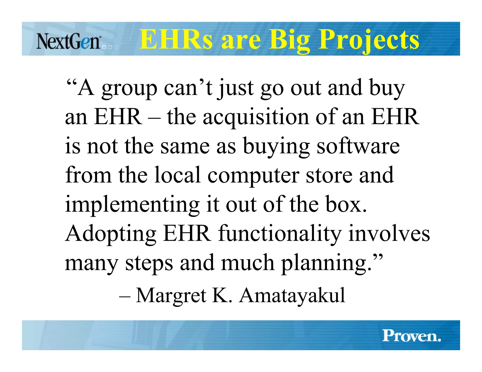 Implementing an EHR is a complex project that requires extensive planning and involvement from all stakeholders. Key steps include defining goals and metrics, analyzing workflows, selecting an appropriate vendor, and providing comprehensive training for end users. A successful implementation follows best practices such as establishing executive support, implementing in increments, thoroughly testing the system, and providing ongoing support and feedback after going live. Shadowing providers during training and post go-live periods is critical to ensure adoption and maximize benefits of the new EHR system.
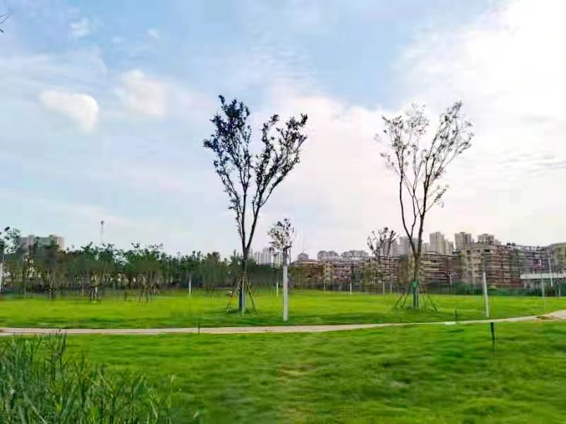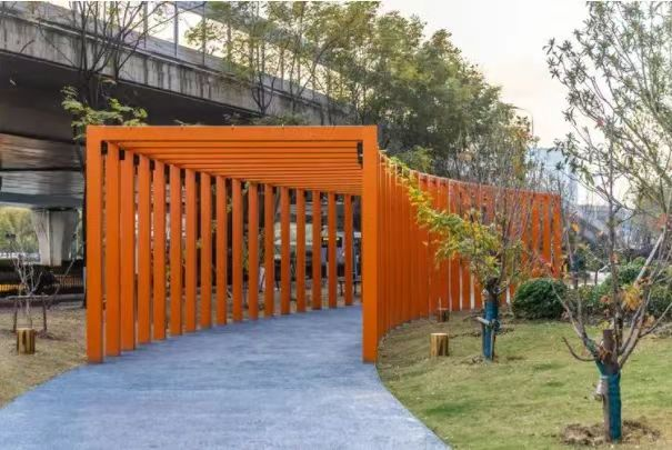 利用植物空间造景、设计林下活动场地、强化植物风貌特征及节点风貌,打造一条色彩斑斓的生机之路。公园有银杏、樱花、粉黛乱子草等特色植物,形成秋季网红打卡点。
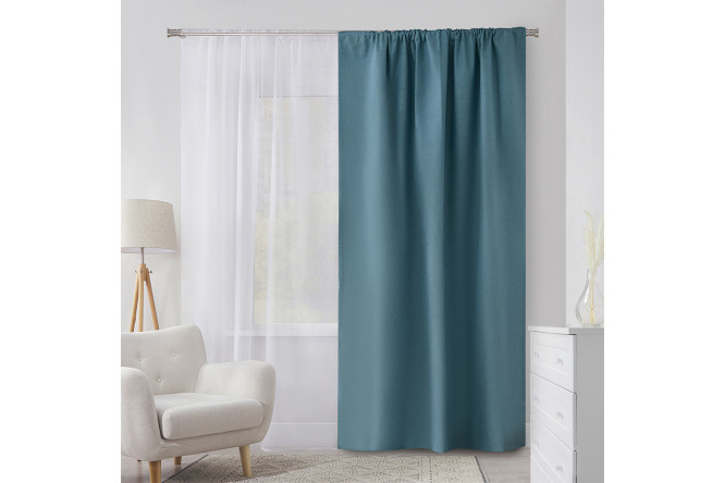 A curtain made of thick fabric combines decorative and sun protection functions, providing comfortable darkening in the room when necessary. The fabric with an expressive matting texture is resistant to creasing and ultraviolet rays, acts as an additional filter against street dust, and drapes easily. Wide curtain tape helps control the uniformity of folds. Following the care instructions – washing at 30°C without spinning, drying flat – will increase the service life of the product.
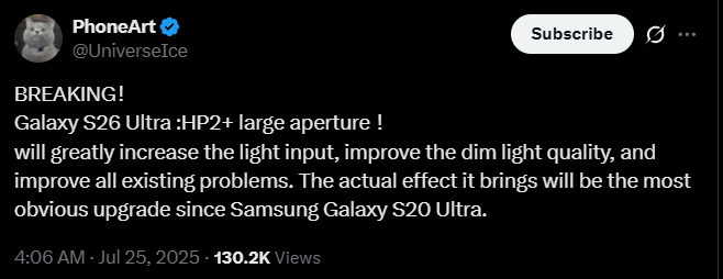 Obecnie Galaxy S25 Ultra korzysta z obiektywu o przysłonie f/1.7. Jeśli przeciek się potwierdzi, Galaxy S26 Ultra może otrzymać obiektyw z przysłoną f/1.6 lub niższą, co byłoby istotnym skokiem jakościowym. Przynajmniej na papierze. UniverseIce twierdzi, że takie połączenie pozwoli „rozwiązać wszystkie dotychczasowe problemy” aparatu i poprawi jakość zdjęć nocnych.
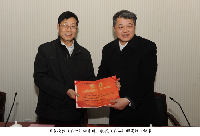 王乘校长向索丽生教授颁发赠书证书。王校长代表学校感谢索丽生教授长期以来对学校的关心和支持,他强调索丽生教授向学校赠书对我校的教育教学、科学研究工作起到积极的促进作用,希望全体师生共同学习索教授心系教育、无私奉献的精神,以书为伴,以书为友,敬岗爱业、勤奋学习,以优异的成绩报效祖国。
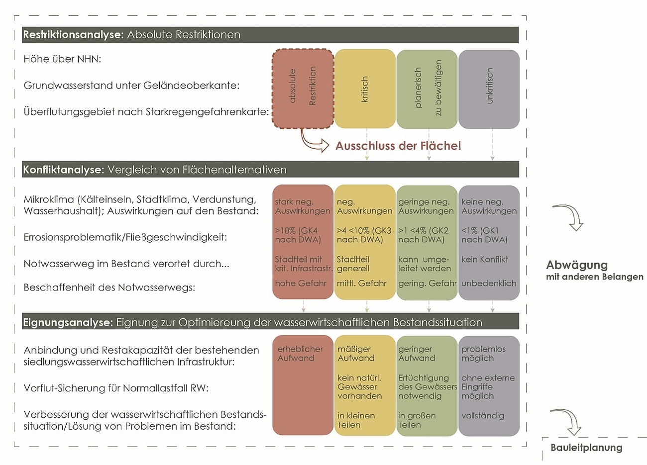 Bei der Bewertung von Potentialflächen stellt sich insbesondere die Frage an die Siedlungswasserwirtschaft, ob bzw. welche dieser Flächen absolute Restriktionen in Bezug auf Starkregenereignisse aufweisen und daher insbesondere für Siedlungs- und Verkehrszwecke ungeeignet sind.
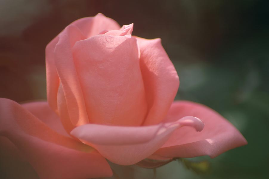 サーモンオレンジで弁数の少ない形のいいバラ。
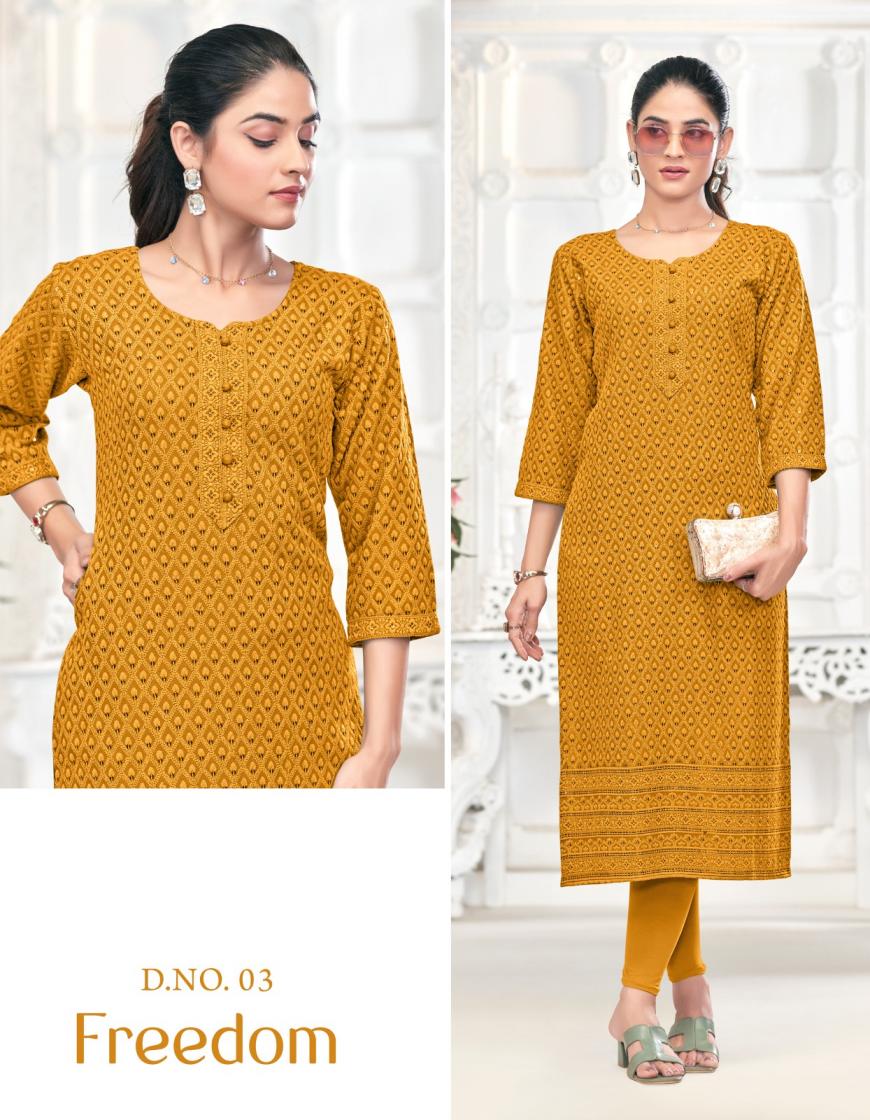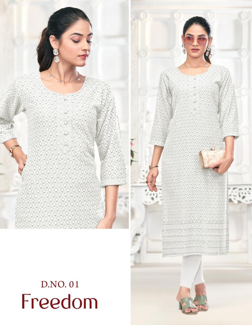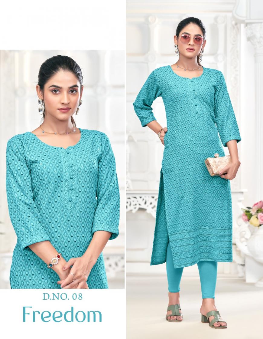 Looking for FREEDOM TUNIC HOUSE CHIKANKARI SEQUINCE SIZE SET COMBO COLLECTION Full Catalouge at Best Price? Buy Now FREEDOM TUNIC HOUSE CHIKANKARI SEQUINCE SIZE SET COMBO COLLECTION at Wholesale Rate of Rs 9980 with Total 20 Pcs from authroized dealer and supplier of Tunic House Brand. Cost of Each piece is just only Rs 499 which is very low and affordable price to resale the product in your retail store. rrgandhi is Surat based Wholesale Supplier & Dealer of Tunic House Brand. Click on Brand name to Know more about Brand's products.

== == ==

▶ [ABOUT THIS TASK]: Omitting the pictures, repeat all entries exactly.

▶ [RESPONSE TO THE TASK]:
 Implementing an EHR is a complex project that requires extensive planning and involvement from all stakeholders. Key steps include defining goals and metrics, analyzing workflows, selecting an appropriate vendor, and providing comprehensive training for end users. A successful implementation follows best practices such as establishing executive support, implementing in increments, thoroughly testing the system, and providing ongoing support and feedback after going live. Shadowing providers during training and post go-live periods is critical to ensure adoption and maximize benefits of the new EHR system.
 利用植物空间造景、设计林下活动场地、强化植物风貌特征及节点风貌,打造一条色彩斑斓的生机之路。公园有银杏、樱花、粉黛乱子草等特色植物,形成秋季网红打卡点。
 A curtain made of thick fabric combines decorative and sun protection functions, providing comfortable darkening in the room when necessary. The fabric with an expressive matting texture is resistant to creasing and ultraviolet rays, acts as an additional filter against street dust, and drapes easily. Wide curtain tape helps control the uniformity of folds. Following the care instructions – washing at 30°C without spinning, drying flat – will increase the service life of the product.
 Obecnie Galaxy S25 Ultra korzysta z obiektywu o przysłonie f/1.7. Jeśli przeciek się potwierdzi, Galaxy S26 Ultra może otrzymać obiektyw z przysłoną f/1.6 lub niższą, co byłoby istotnym skokiem jakościowym. Przynajmniej na papierze. UniverseIce twierdzi, że takie połączenie pozwoli „rozwiązać wszystkie dotychczasowe problemy” aparatu i poprawi jakość zdjęć nocnych.
 王乘校长向索丽生教授颁发赠书证书。王校长代表学校感谢索丽生教授长期以来对学校的关心和支持,他强调索丽生教授向学校赠书对我校的教育教学、科学研究工作起到积极的促进作用,希望全体师生共同学习索教授心系教育、无私奉献的精神,以书为伴,以书为友,敬岗爱业、勤奋学习,以优异的成绩报效祖国。
 Bei der Bewertung von Potentialflächen stellt sich insbesondere die Frage an die Siedlungswasserwirtschaft, ob bzw. welche dieser Flächen absolute Restriktionen in Bezug auf Starkregenereignisse aufweisen und daher insbesondere für Siedlungs- und Verkehrszwecke ungeeignet sind.
 サーモンオレンジで弁数の少ない形のいいバラ。
 Looking for FREEDOM TUNIC HOUSE CHIKANKARI SEQUINCE SIZE SET COMBO COLLECTION Full Catalouge at Best Price? Buy Now FREEDOM TUNIC HOUSE CHIKANKARI SEQUINCE SIZE SET COMBO COLLECTION at Wholesale Rate of Rs 9980 with Total 20 Pcs from authroized dealer and supplier of Tunic House Brand. Cost of Each piece is just only Rs 499 which is very low and affordable price to resale the product in your retail store. rrgandhi is Surat based Wholesale Supplier & Dealer of Tunic House Brand. Click on Brand name to Know more about Brand's products.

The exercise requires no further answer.